2.

6.8K 105 13
                                    

Malam setiba di rumah, setelah ku pulangkan motornya bang Anser, ku dekati ke dua adekku.

"Mandi dulu atau makan bang, Ana sudah siapin" kata adekku Riana. Rein mendekatiku untuk menyimpan sepatuku.

Aku tidak menyahut, tapi kurangkul kedua adekku. Aku meminta maaf. "Abang sayang kalian" kataku tersenyum.

"Ana juga sayang banget sama Abang. Juga Rein"

Rein adik bontotku merangkulku dan menangis. "Rein tidak akan berbuat salah lagi, Bang. Maafin Rein" katanya terisak.

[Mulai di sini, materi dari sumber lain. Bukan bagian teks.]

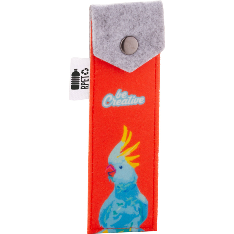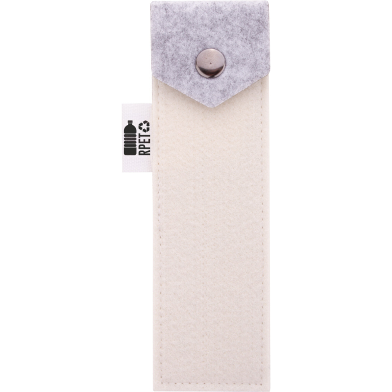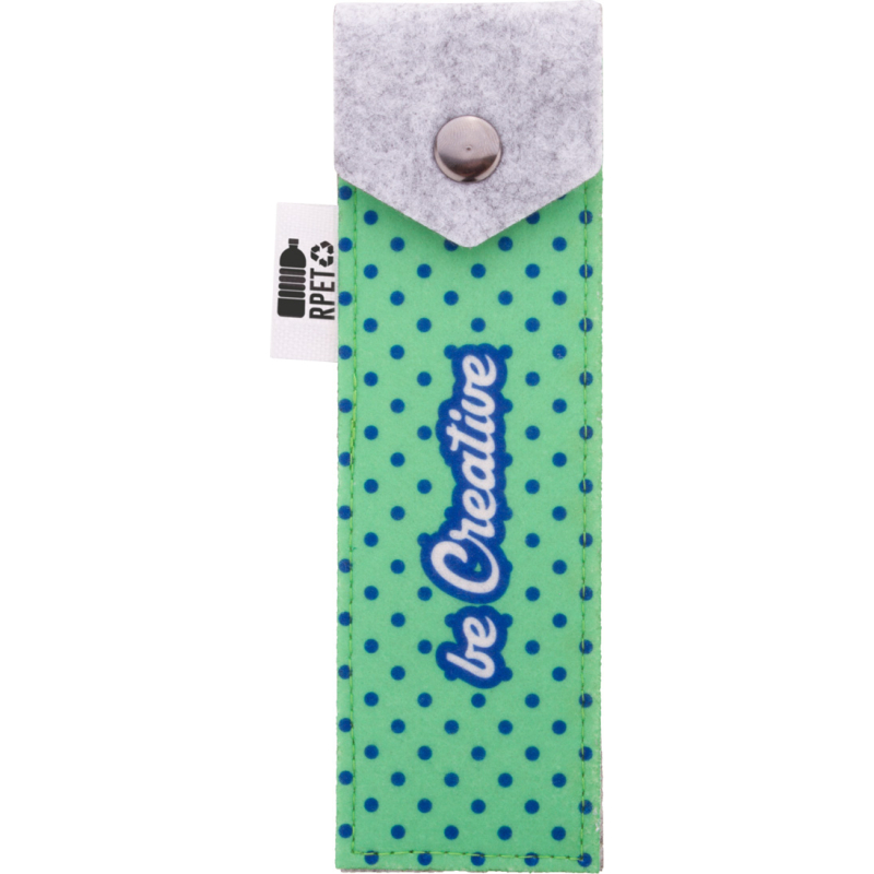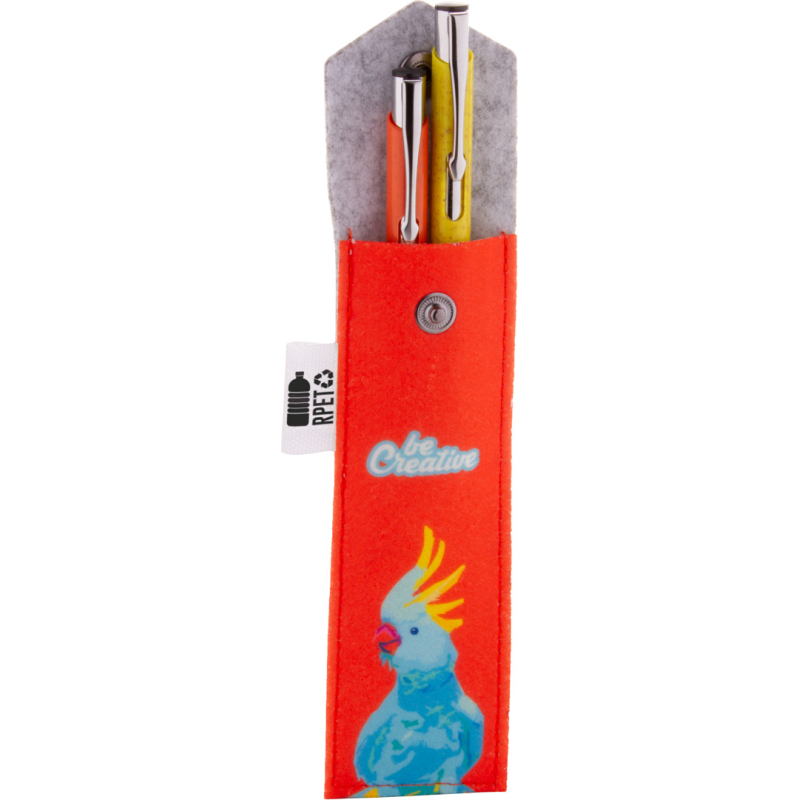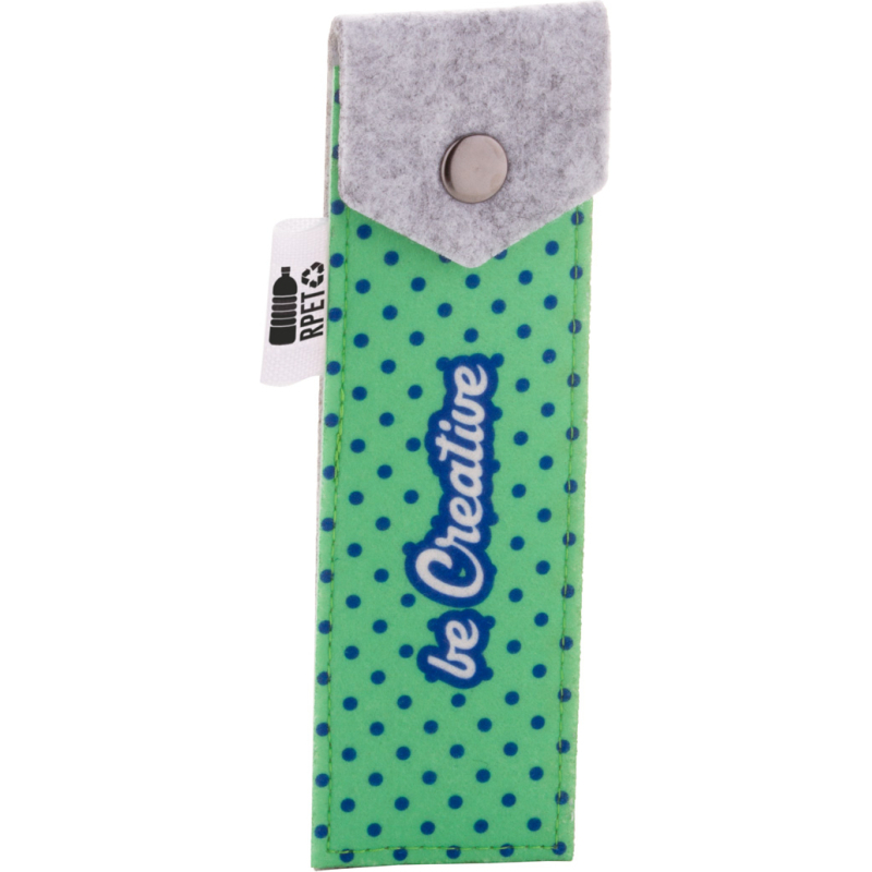 Trousse à stylos feutre en RPET fait sur mesure avec face avant imprimée en sublimation, avec fermeture à bouton-pression. Labélisée RPET. Le prix comprend l'impression en sublimation. Quantité minimale : 50 pièces.

"Abang yang salah sayang. Abang lupa isi bensinnya" kataku memegang kedua pipinya. "Kita makan yah" ajakku yang disambut senyumnya. Air matanya disekanya.

Saat kami menikmati makan malam, WA dari nomor tidak kukenal masuk.

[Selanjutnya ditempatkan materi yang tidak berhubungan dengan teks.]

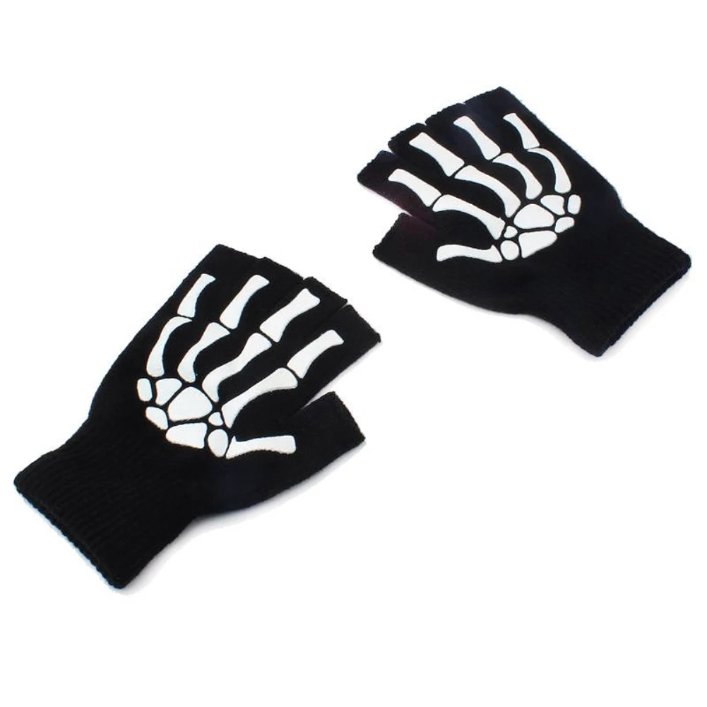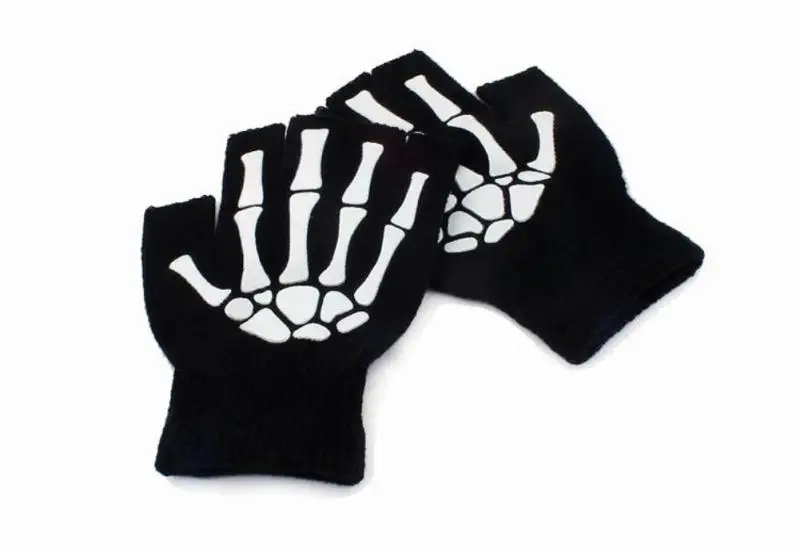 Вязаные перчатки унисекс с черепом, Нескользящие митенки для езды н...

"Terima kasih pertemuan tadi pagi pak Rain" tulis WA nya.

Langsung ku lihat foto perofilenya. "Feinanda" gumamku.

"Siapa bang. Kok senyum senyum" Ana adekku

"Teman."

"Apa teman?"

"Ma...kan. Habis kan makannya ayoo...adek adeku sayang".

"Bang" Rein adekku memanggil pelan.

"Kenapa Rein..ngomong aja. Jangan takut. Abang gak akan marah"

"Bang, kalau itu cewek, mikir lagi bang".

"Kenapa ngomong gitu" kataku serius. Riana ikut serius dan menghentikan makannya.

"Rein masih SMP bang. Kak Ana masih kelas 2 SMA. Tumpuan kami hanya ke abang."

"Rein, adeku. Abang juga berfikir 1000 kali untuk menerima perempuan walaupun hati abang ingin sekali berpacaran. Tapi..."

"Riana tau bang. Enggak mungkin abang selamanya membujang hanya karena kami. Tau banget. Riana selalu berfikir akan hal itu. Dilema bagi abang. Bukan berar....."

"Ssssttt. Abang berjanji. Menomor satukan adek adekku dulu. Kalau ada jodoh, akan tiba saatnya untuk abang".

Riana berlari kekamarnya dan menangis.

Aku dan Rein menyusulnya

"Ana....Ana....kenapa menangis" kataku pelan duduk disampingnya.

"Andai Ayah dan Bunda masih hidup, abang tidak akan menderita begini, bang" ucapnya terbata karena menangis.

"Hhheei Ana. Sudah merupakan tanggungjawab abang. Enggak usah sedih karena Ayah Bunda sudah tidak ada. Nih...Abang sanggup, doakan aja Ayah Bunda bahagia di sisiNya"

Riana dan Rein memelukku. Kuresapi arti omongan Rein. Iyahhh...Aku, Raindra yang menjadi sandaran adek adekku.

"Udah sayang, beresin meja makan. Jangan pernah berfikir macam macam ya. Dan kau Rein, bikin sedih aja kamu" kataku menepuk pipinya.

Aku menuju teras rumah peningglan orang tua kami. Mengingat ingat waktu silam di saat kami masih lengkap sebagai keluarga. Aku pun mengambil gitar kesenangan Ayahku yang sering dipakianya bila dia gundah atau bahagia.

Kunyanyikan lagu yang pernah ngetop dari Rinto Harahap "AYAH" dan "MERANTAU" nya Erni Djohan.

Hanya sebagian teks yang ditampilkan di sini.